SQLite-vec (Claude Code, CrowClaw, Orion memory)

from crowquant.bridge_sqlite import SqliteVecBridge

with SqliteVecBridge("~/.claude/memory/claude_memory.sqlite") as bridge:
    stats = bridge.analyze()
    print(stats)
    result = bridge.compress_database(n_bits=4)
    print(f"compressed {result['vectors_compressed']} vectors, {result['ratio']:.1f}x")

LanceDB (Orion vectors)

from crowquant.bridge_lance import LanceBridge

bridge = LanceBridge("path/to/lance_db")
bridge.compress_table("embeddings", n_bits=4)

Honcho (Hermes memory)

from crowquant.bridge_honcho import HonchoBridge

with HonchoBridge("path/to/state.db") as bridge:
    analysis = bridge.analyze()
    if analysis["found_vectors"]:
        bridge.compress_sessions(n_bits=4)

Python API

import numpy as np
from crowquant import quantize, dequantize, WHTransform
from crowquant.adaptive import AdaptiveQuantizer
from crowquant.search import compressed_cosine, compressed_knn
from crowquant.profiles import get_profile

# basic compression
vec = np.random.randn(768).astype(np.float32)
block = quantize(vec, n_bits=4)
recovered = dequantize(block)

# adaptive compression (outlier-aware)
aq = AdaptiveQuantizer()
block = aq.quantize(vec)
recovered = aq.dequantize(block)

# search
blocks = [quantize(v, n_bits=4) for v in vectors]
results = compressed_knn(query_vec, blocks, k=10)

# profiles
profile = get_profile("crowstation")
print(f"{profile.name}: {profile.n_bits}-bit, {profile.theoretical_ratio}x ratio")

CLI Usage

crowquant compress <db_path> [--bits N] [--type sqlite|lance|honcho]
crowquant analyze <db_path>
crowquant benchmark [--dim 768] [--count 10000] [--bits 4]
crowquant info

Benchmarks

Run crowquant benchmark to generate benchmarks for your hardware.
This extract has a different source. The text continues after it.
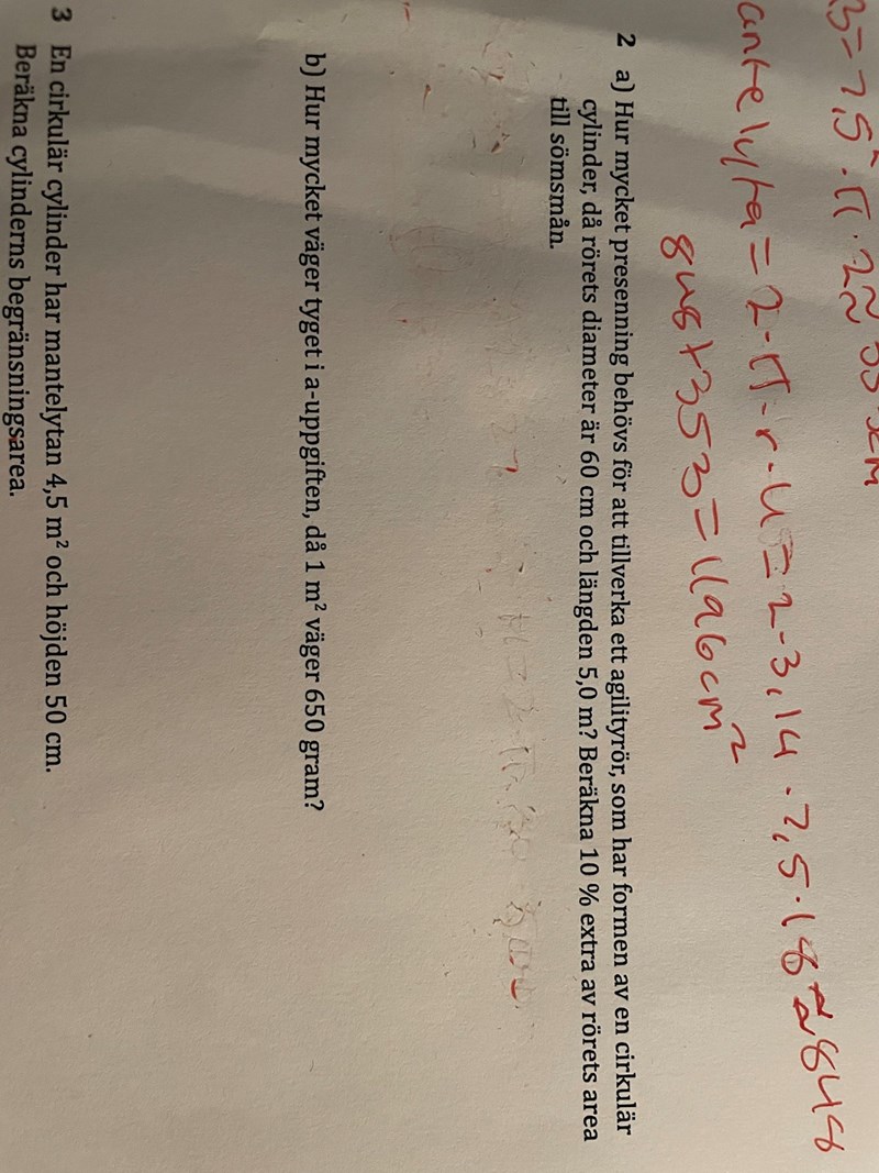Hej! Har problem med att förstå uppgiften nedan, har testat genom att räkna ut både mantel- samt bottenyta på röret men borde man inte få veta tjockleken på röret och därefter också diameter på hela så man kan räkna inre och ytrre? Eller tänker jag fel

Typical results on an i7-11370H:

Bits Dim Ratio MSE Cosine Error Quantize Dequantize
4 768 ~6x ~0.001 ~0.003 ~5k vec/s ~8k vec/s
3 768 ~8x ~0.003 ~0.008 ~5k vec/s ~8k vec/s
2 768 ~12x ~0.01 ~0.02 ~5k vec/s ~8k vec/s

Development

pip install -e ".[dev]"
pytest tests/ -v

License

MIT

About

CrowQuant -- Adaptive vector compression for AI memory systems. TurboQuant-inspired 3-4 bit compression with 8-10x size reduction.